[Math] Why does SVD provide the least squares and least norm solution to $ A x = b $

least squareslinear algebraoptimizationsvd

I am studying the Singular Value Decomposition and its properties. It is widely used in order to solve equations of the form $Ax=b$. I have seen the following: When we have the equation system $Ax=b$, we calculate the SVD of A as $A=U\Sigma V^T$. Then we calculate $x'= V \Sigma^{+}U^Tb$. $\Sigma^{+}$ has the reciprocals ($\dfrac{1}{\sigma_i}$) of the singular values in its diagonal and zeros where $\sigma_i=0$. If the $b$ is in the range of $A$ then it is the solution that has the minimum norm (closest to origin). If it is not in the range, then it is the least-squares solution.

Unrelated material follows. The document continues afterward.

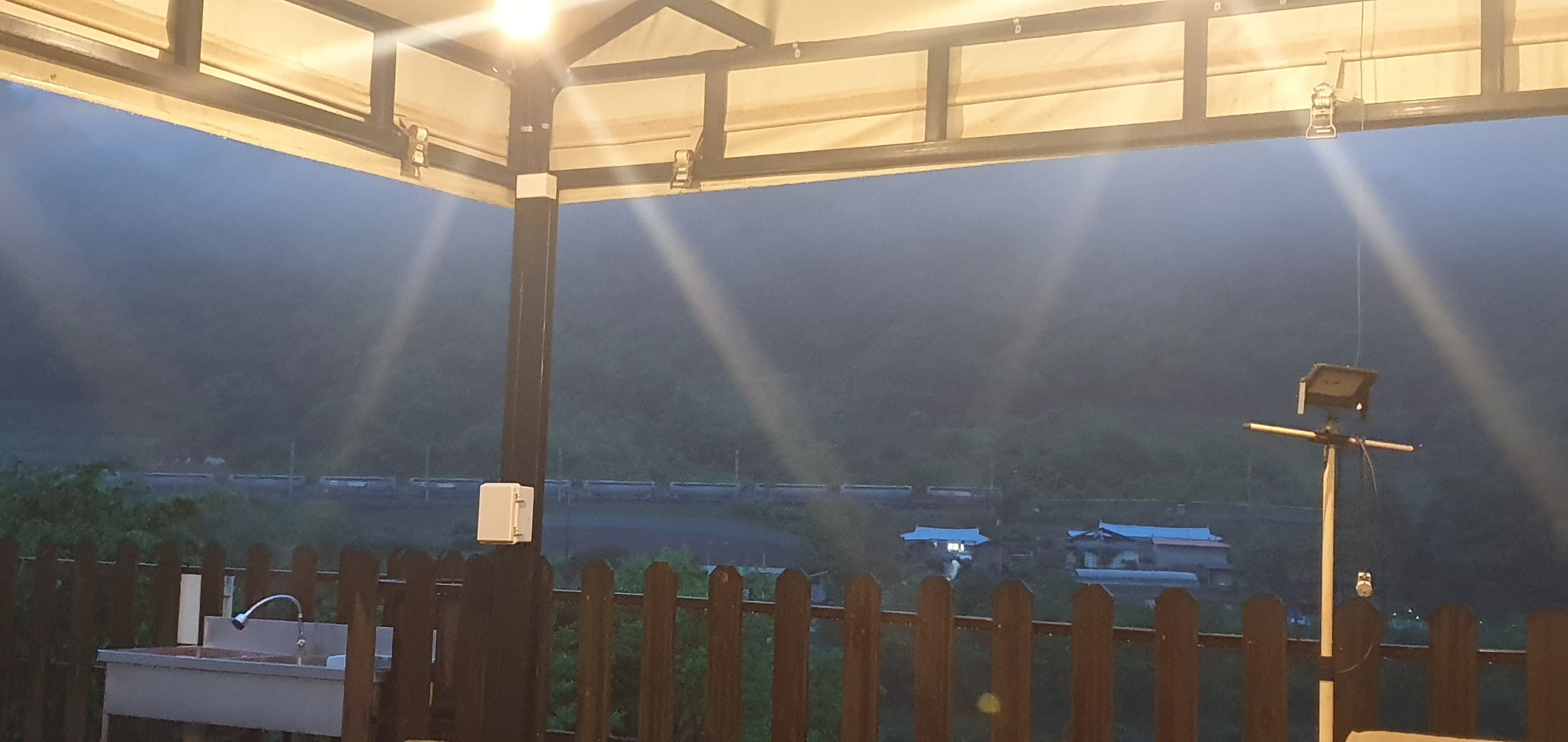 글램핑장 건너편으로 기차가 다닙니다. 기차소리가 많이 나는 편이고, 도로 소음도 조금 있습니다.

I fail to see how exactly this procedure always produces a $x'$ which is closest to origin if $b$ is in the range of A. (I can see the least-squares solution is an extension of this "closest to origin" property). From a geometric intuitive way if possible, how can we show this property of SVD?

Best Answer

First, consider the problem $\Sigma x = b$, where $$ \Sigma = \pmatrix{\sigma_1\\& \ddots\\&&\sigma_r\\ &&&0\\&&&&\ddots\\&&&&&0} $$ Note that $b$ is only in the range of $\Sigma$ if its entries $b_{r+1},\dots,b_n$ are all zero. Furthermore, you should be able to convince yourself (geometrically or otherwise) that the least squares solution must be $$ x = (b_1/\sigma_1,\dots,b_r/\sigma_r,0,\dots,0)^T = \Sigma^+ b $$ From there, note that $$ U\Sigma V^T x = b \implies\\ \Sigma (V^T x ) = U^T b $$ By the above argument, the least squares solution for $(V^T x)$ is given by $V^T x = \Sigma^+ U^T b$. Noting that $\|V^T x\| = \|x\|$, we can use this to conclude that $x = (V \Sigma ^+ U^T)b$ must be the least squares solution (for $x$).

I hope you find this explanation sufficient.